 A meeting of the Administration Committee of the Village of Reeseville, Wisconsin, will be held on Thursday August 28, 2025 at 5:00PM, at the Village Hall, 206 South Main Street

--

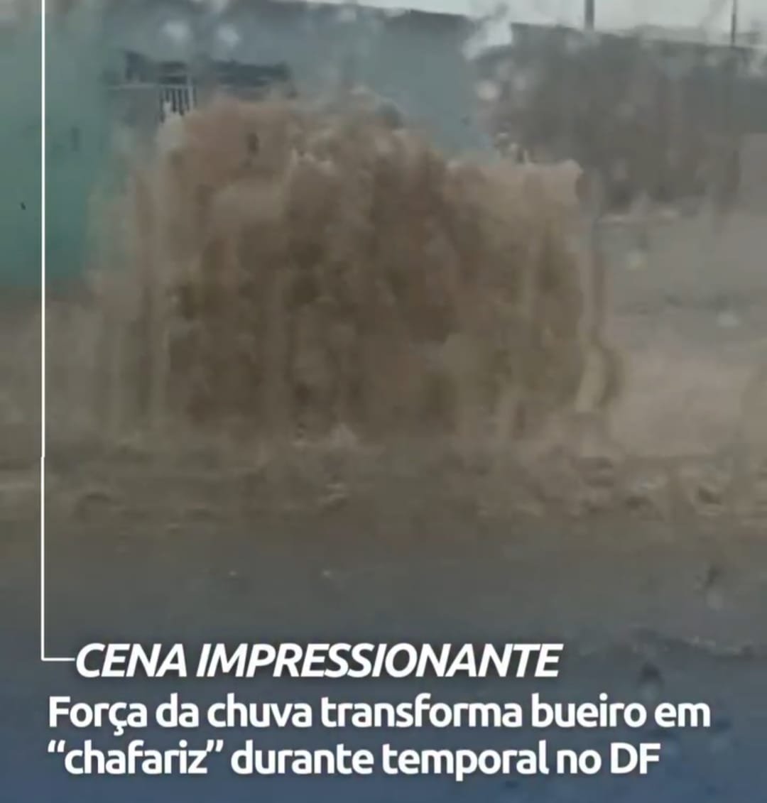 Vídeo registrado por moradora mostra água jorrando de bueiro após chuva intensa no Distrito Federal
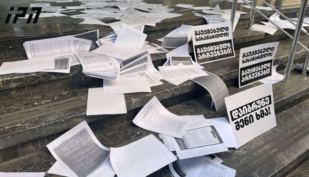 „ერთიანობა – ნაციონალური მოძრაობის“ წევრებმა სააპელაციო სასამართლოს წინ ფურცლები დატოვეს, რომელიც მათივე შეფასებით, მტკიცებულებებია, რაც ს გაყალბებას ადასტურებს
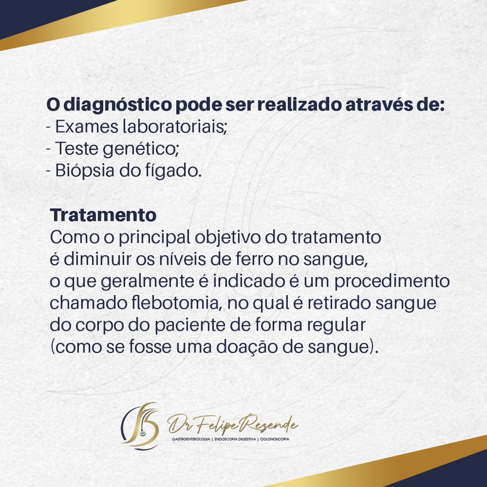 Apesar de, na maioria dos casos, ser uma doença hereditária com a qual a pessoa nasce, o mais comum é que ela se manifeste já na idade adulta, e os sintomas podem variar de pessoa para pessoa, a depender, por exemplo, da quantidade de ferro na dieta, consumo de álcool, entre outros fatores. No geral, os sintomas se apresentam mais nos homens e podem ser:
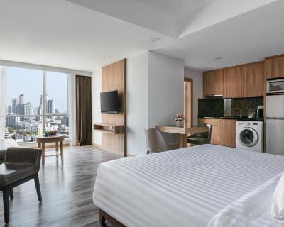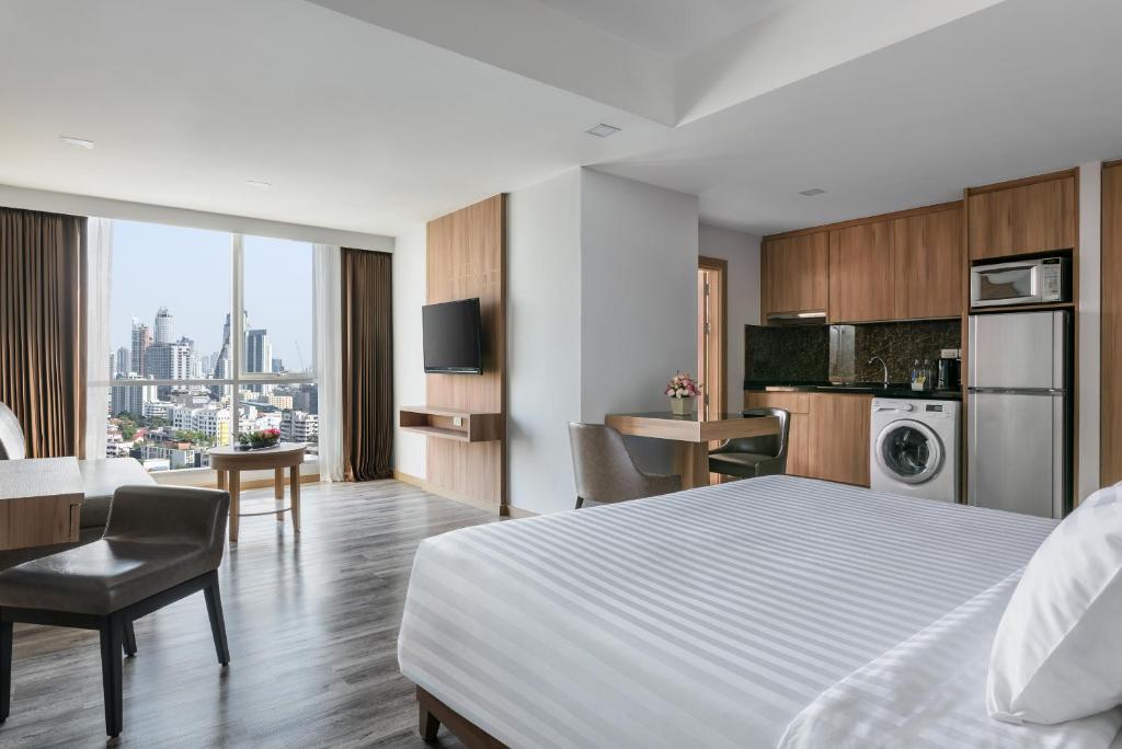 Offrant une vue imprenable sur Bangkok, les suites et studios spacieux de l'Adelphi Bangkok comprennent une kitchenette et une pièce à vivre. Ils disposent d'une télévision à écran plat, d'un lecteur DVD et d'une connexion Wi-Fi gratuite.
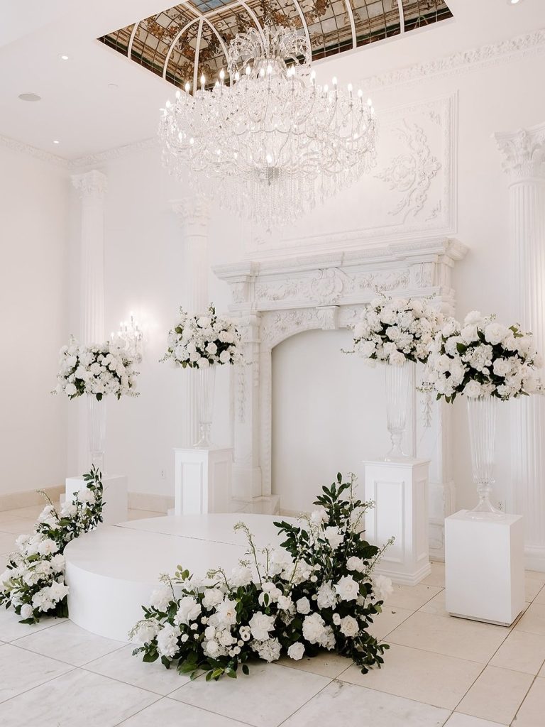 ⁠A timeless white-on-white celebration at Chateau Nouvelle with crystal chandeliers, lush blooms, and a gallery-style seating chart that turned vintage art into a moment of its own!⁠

> Brief: Would you transcribe the lines above exactly, going from the line bearing "Offrant une vue" through the line bearing "of its own!⁠", and drop the pictures from the copy?

> Answer section:
 Offrant une vue imprenable sur Bangkok, les suites et studios spacieux de l'Adelphi Bangkok comprennent une kitchenette et une pièce à vivre. Ils disposent d'une télévision à écran plat, d'un lecteur DVD et d'une connexion Wi-Fi gratuite.
 ⁠A timeless white-on-white celebration at Chateau Nouvelle with crystal chandeliers, lush blooms, and a gallery-style seating chart that turned vintage art into a moment of its own!⁠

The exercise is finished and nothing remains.